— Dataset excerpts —
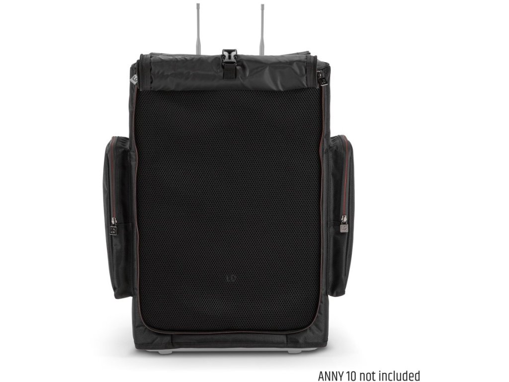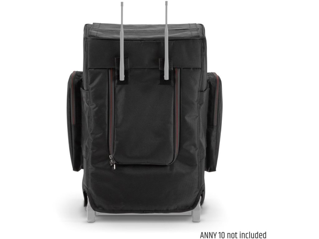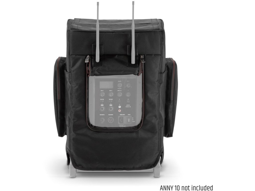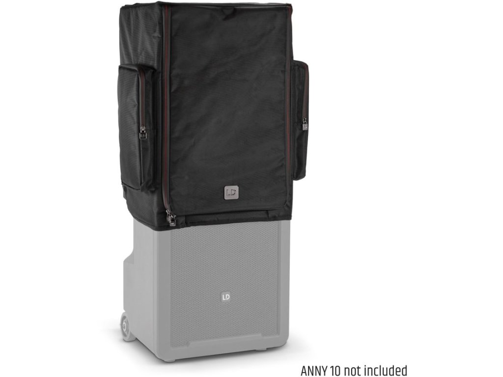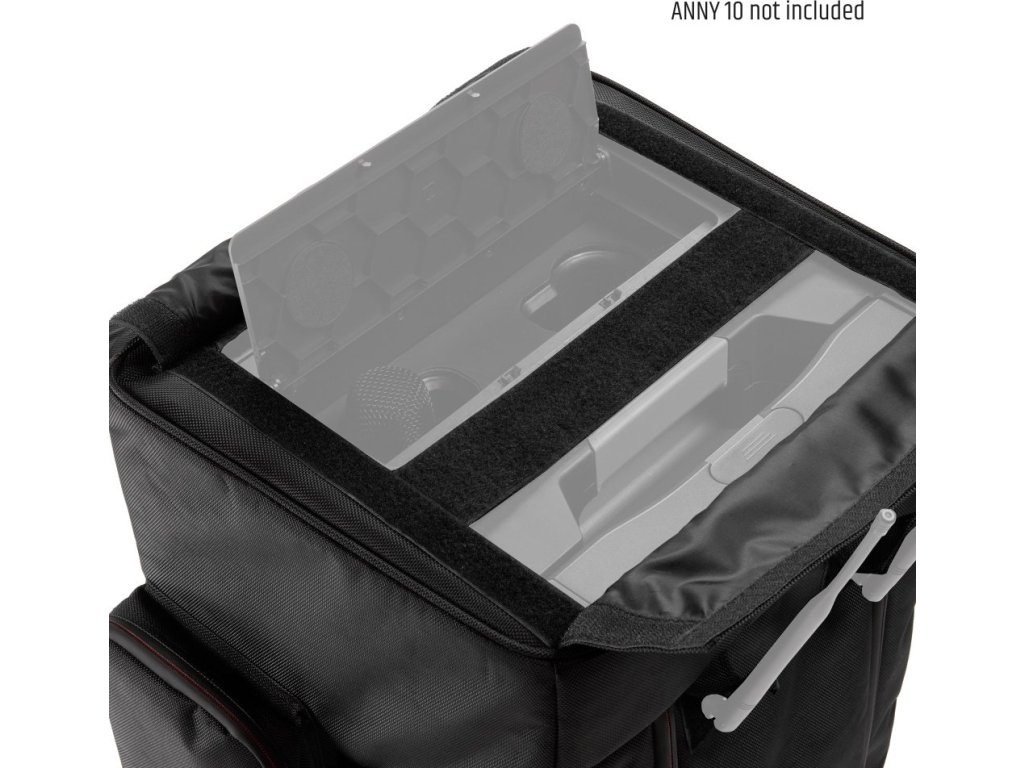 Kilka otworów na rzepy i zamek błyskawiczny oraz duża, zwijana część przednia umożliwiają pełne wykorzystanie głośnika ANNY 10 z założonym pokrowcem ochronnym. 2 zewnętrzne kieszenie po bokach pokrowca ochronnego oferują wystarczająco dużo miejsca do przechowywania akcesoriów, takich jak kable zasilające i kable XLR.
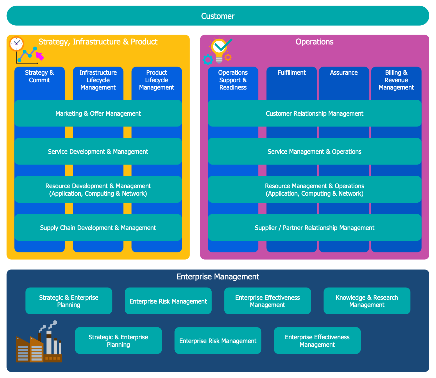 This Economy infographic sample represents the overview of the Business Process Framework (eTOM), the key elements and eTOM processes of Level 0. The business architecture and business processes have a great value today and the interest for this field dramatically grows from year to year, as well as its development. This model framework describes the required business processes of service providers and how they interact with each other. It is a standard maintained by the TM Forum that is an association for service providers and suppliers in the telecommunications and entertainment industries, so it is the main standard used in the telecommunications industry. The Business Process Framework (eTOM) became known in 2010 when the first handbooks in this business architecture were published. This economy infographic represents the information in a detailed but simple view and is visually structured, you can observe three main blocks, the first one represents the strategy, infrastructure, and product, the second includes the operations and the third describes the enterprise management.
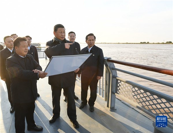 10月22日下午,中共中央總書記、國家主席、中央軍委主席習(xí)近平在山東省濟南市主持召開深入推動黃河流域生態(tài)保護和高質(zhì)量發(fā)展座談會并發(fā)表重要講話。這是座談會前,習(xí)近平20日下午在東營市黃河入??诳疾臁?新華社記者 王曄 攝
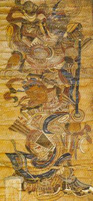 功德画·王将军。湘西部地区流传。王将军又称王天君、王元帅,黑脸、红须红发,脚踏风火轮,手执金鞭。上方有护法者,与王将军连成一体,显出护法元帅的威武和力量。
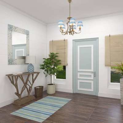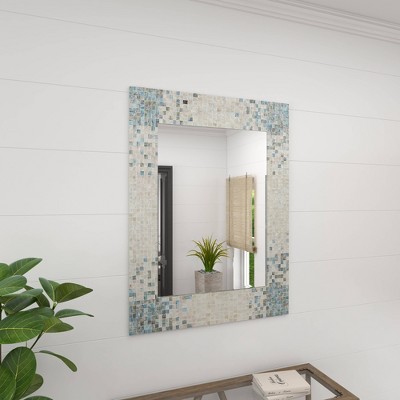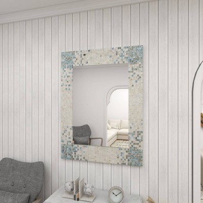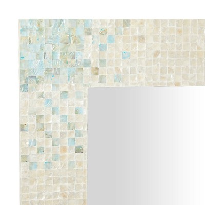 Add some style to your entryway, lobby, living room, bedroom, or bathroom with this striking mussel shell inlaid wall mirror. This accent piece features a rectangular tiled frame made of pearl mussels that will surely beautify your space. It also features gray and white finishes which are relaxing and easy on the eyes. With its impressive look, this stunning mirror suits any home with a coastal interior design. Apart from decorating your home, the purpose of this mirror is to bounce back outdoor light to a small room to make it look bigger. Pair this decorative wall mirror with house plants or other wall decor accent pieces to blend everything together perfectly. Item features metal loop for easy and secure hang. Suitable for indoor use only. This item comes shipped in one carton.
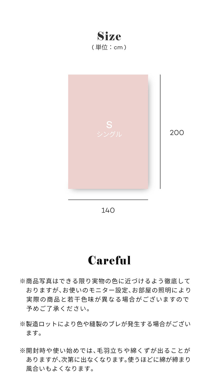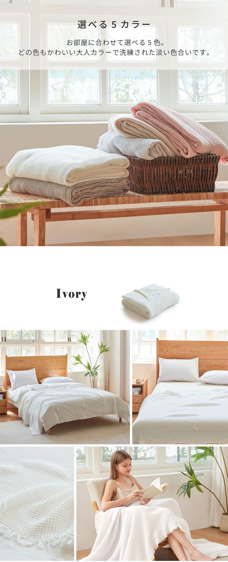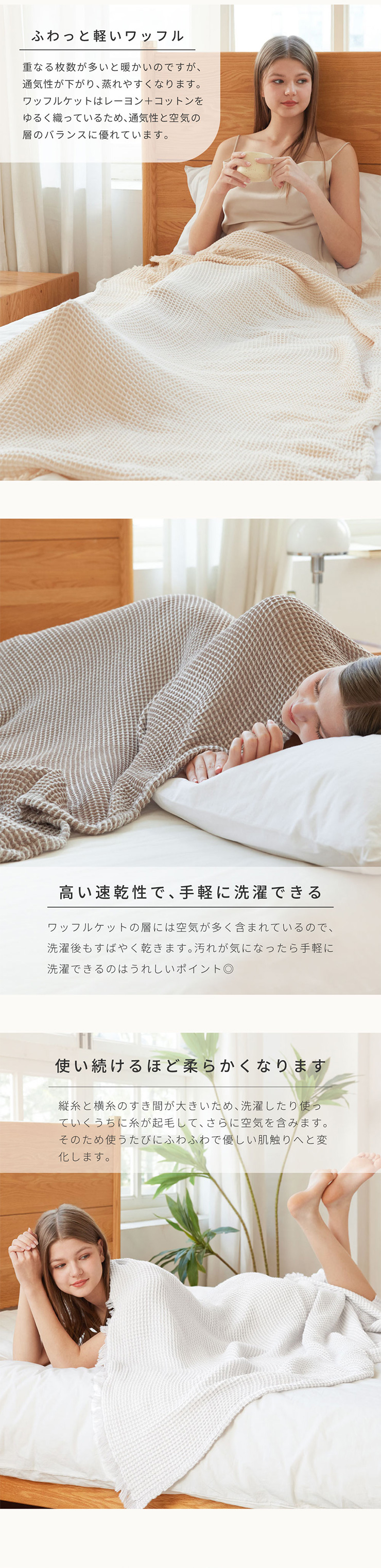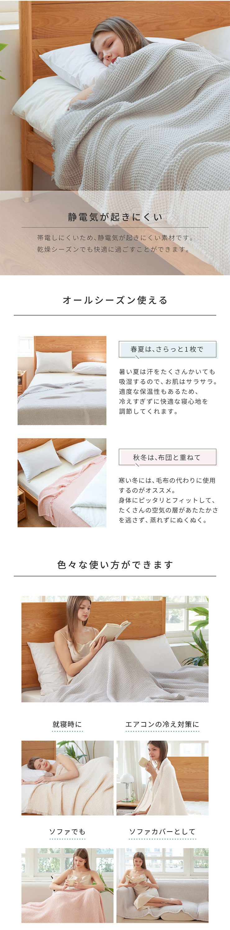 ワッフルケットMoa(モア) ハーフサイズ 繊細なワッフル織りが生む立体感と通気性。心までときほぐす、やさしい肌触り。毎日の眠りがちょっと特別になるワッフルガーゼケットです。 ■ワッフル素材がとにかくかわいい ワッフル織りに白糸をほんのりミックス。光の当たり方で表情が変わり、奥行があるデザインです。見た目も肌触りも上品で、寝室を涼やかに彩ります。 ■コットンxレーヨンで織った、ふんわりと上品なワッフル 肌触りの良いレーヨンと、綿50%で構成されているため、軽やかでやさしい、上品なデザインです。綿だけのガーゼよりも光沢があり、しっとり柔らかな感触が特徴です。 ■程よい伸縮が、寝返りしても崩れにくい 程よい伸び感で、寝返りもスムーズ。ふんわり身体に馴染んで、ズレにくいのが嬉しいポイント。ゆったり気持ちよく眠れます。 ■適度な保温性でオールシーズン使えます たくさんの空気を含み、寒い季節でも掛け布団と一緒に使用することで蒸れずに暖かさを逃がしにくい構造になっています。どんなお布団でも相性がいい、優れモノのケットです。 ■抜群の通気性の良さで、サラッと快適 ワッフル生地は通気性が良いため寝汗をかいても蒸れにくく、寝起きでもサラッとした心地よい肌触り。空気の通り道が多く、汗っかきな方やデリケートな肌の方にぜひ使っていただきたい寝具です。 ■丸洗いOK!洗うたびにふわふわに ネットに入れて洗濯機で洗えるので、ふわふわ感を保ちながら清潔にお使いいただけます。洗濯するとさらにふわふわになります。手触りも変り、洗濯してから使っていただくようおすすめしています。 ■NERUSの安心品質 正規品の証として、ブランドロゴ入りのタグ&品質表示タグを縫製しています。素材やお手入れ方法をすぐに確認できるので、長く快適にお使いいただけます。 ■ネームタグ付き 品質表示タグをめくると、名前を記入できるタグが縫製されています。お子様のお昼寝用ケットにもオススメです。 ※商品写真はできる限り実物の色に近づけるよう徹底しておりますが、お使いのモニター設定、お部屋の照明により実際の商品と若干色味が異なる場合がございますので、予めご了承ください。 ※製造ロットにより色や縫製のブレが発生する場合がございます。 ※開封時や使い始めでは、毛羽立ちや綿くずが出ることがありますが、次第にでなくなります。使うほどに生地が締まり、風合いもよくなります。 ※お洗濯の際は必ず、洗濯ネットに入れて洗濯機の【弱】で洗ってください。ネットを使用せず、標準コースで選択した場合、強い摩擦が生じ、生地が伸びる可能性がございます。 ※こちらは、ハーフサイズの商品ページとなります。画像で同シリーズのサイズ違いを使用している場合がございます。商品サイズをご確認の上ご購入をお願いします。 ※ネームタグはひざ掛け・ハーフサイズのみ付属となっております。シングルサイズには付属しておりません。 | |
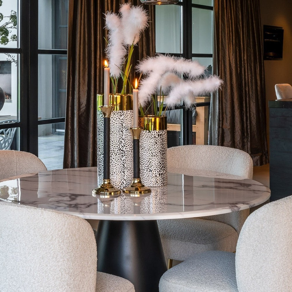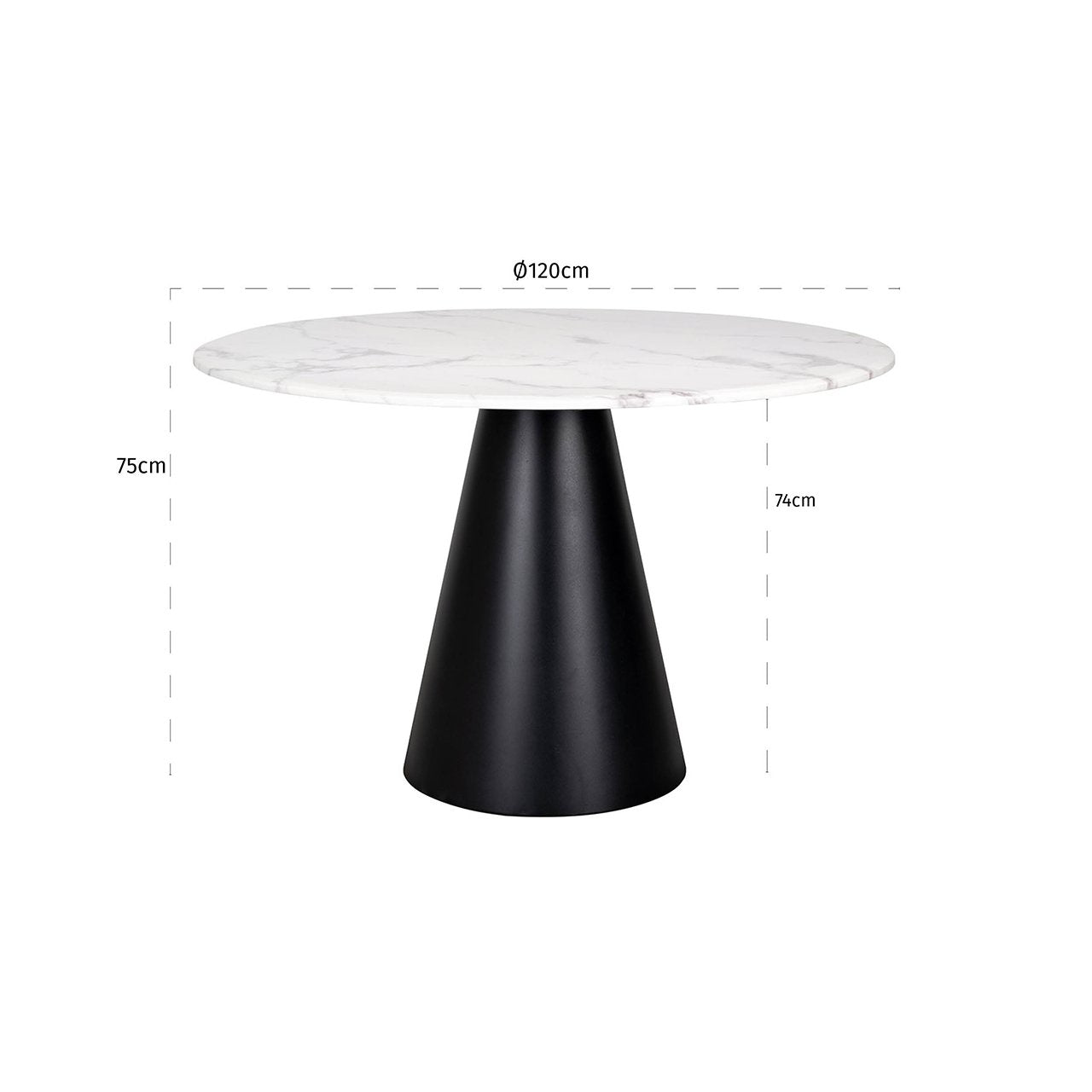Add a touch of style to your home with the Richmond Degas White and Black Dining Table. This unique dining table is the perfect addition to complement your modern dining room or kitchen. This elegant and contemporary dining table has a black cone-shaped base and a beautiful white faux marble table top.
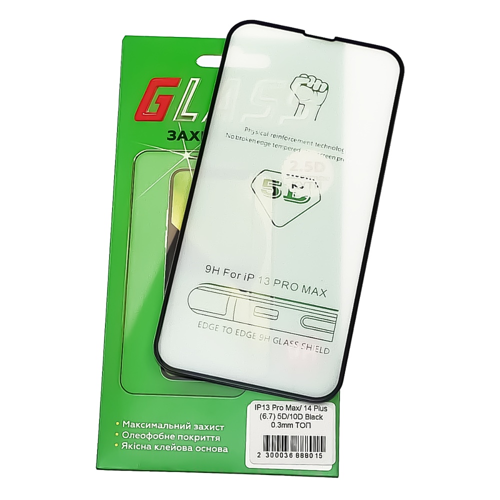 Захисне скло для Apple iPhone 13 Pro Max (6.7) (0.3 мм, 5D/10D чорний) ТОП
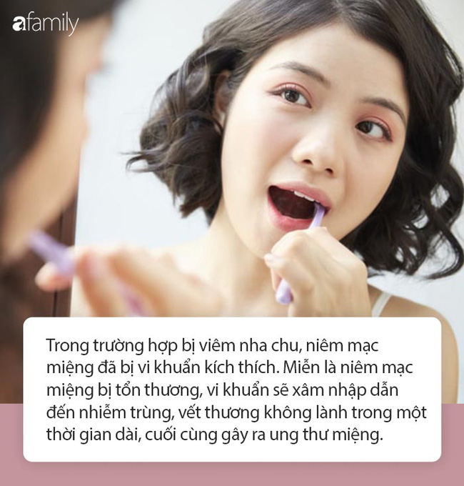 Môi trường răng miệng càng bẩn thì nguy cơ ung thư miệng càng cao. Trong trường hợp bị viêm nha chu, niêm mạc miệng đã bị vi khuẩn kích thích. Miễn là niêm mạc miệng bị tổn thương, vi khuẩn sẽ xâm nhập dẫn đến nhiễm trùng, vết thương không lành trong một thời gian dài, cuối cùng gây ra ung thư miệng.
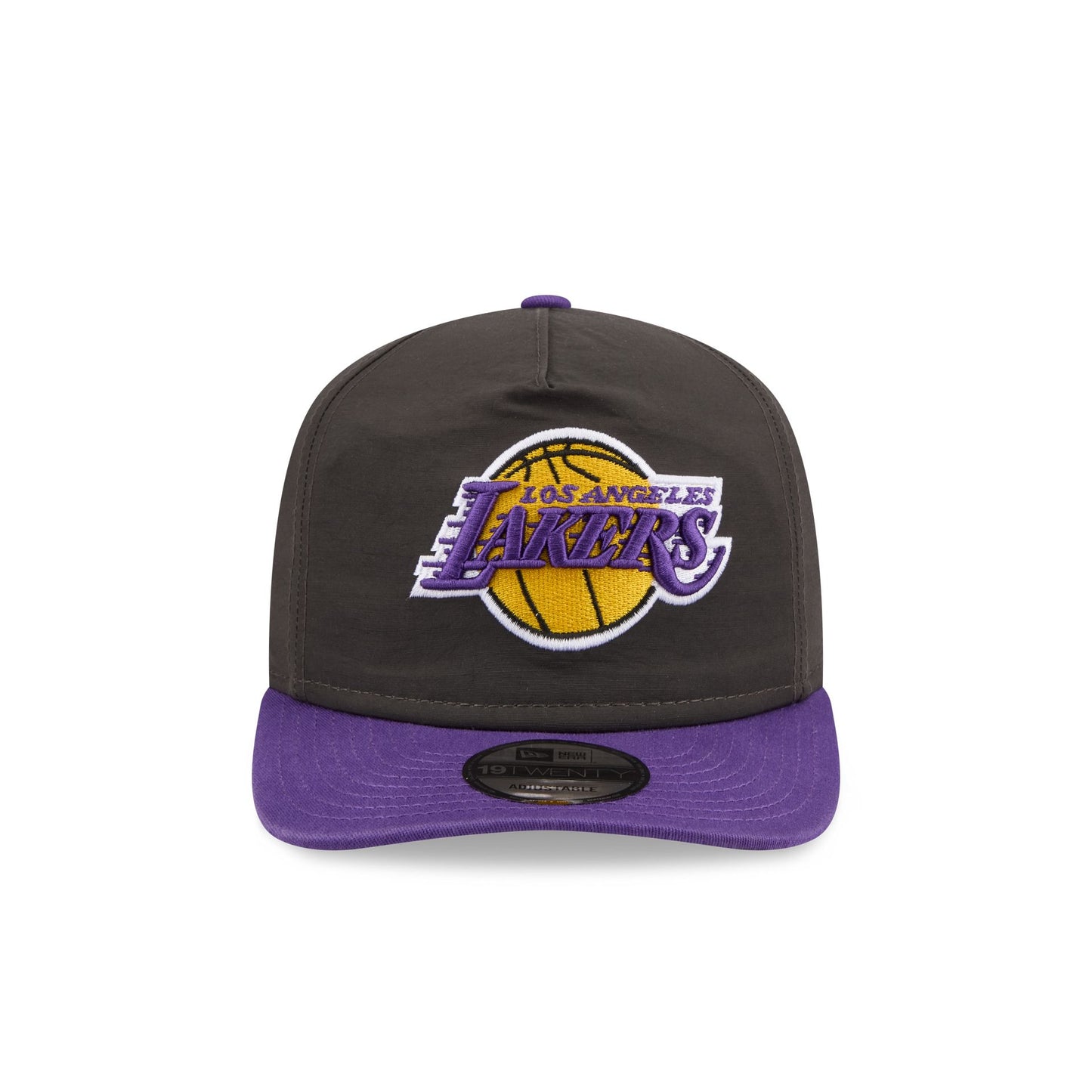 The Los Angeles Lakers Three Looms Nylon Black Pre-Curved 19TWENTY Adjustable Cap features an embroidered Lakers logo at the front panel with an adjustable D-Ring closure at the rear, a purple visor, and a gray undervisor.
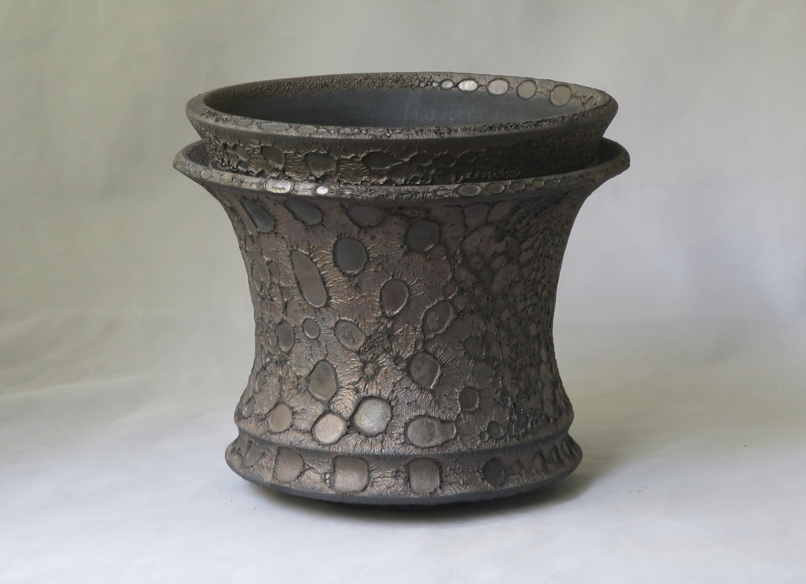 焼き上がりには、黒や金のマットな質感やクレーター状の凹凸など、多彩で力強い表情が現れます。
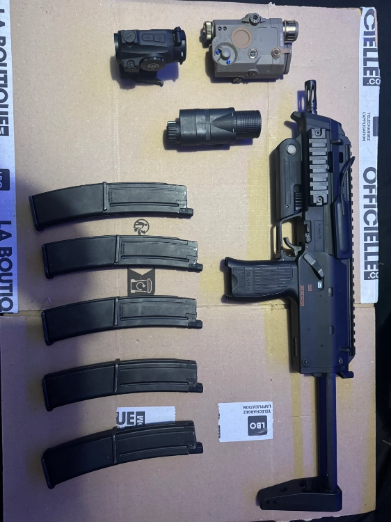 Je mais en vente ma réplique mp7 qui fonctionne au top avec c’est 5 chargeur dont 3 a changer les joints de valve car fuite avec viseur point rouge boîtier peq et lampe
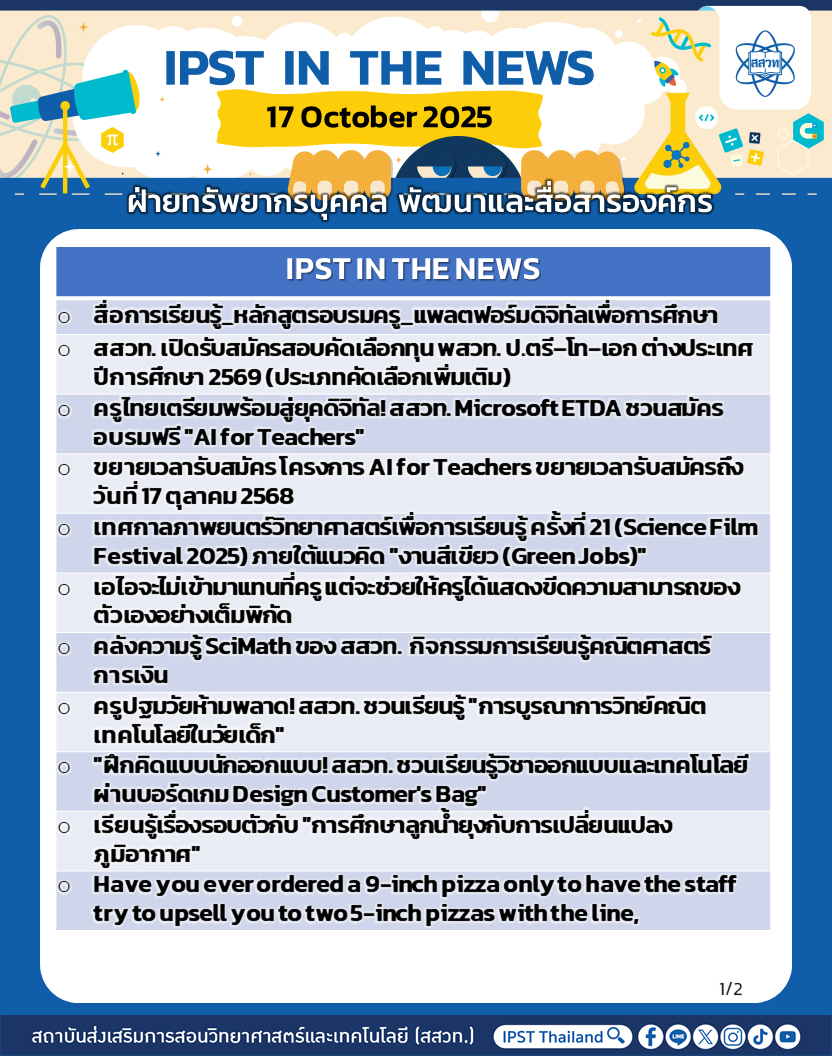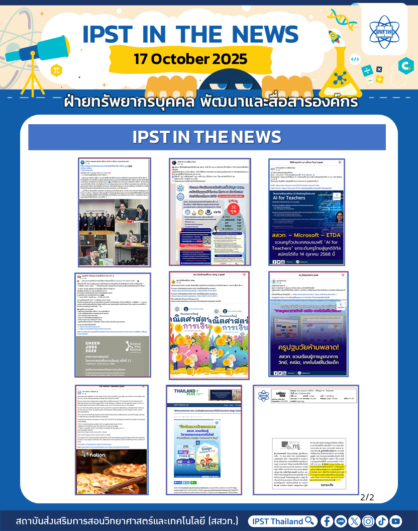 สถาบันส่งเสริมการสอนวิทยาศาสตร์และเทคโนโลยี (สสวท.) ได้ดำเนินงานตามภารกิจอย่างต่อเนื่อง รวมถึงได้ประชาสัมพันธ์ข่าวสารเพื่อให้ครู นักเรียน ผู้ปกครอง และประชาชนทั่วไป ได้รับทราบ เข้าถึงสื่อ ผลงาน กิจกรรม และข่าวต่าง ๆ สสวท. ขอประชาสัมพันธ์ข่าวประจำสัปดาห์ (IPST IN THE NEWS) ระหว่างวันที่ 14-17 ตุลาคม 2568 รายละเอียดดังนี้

— WHAT YOU NEED TO DO —
The output is the stretch above from the line with "焼き上がりには、黒や金のマッ" through the line with "Je mais en vente", copied word for word with both ends kept and every picture dropped.

— RESPONSE —
 焼き上がりには、黒や金のマットな質感やクレーター状の凹凸など、多彩で力強い表情が現れます。
 Je mais en vente ma réplique mp7 qui fonctionne au top avec c’est 5 chargeur dont 3 a changer les joints de valve car fuite avec viseur point rouge boîtier peq et lampe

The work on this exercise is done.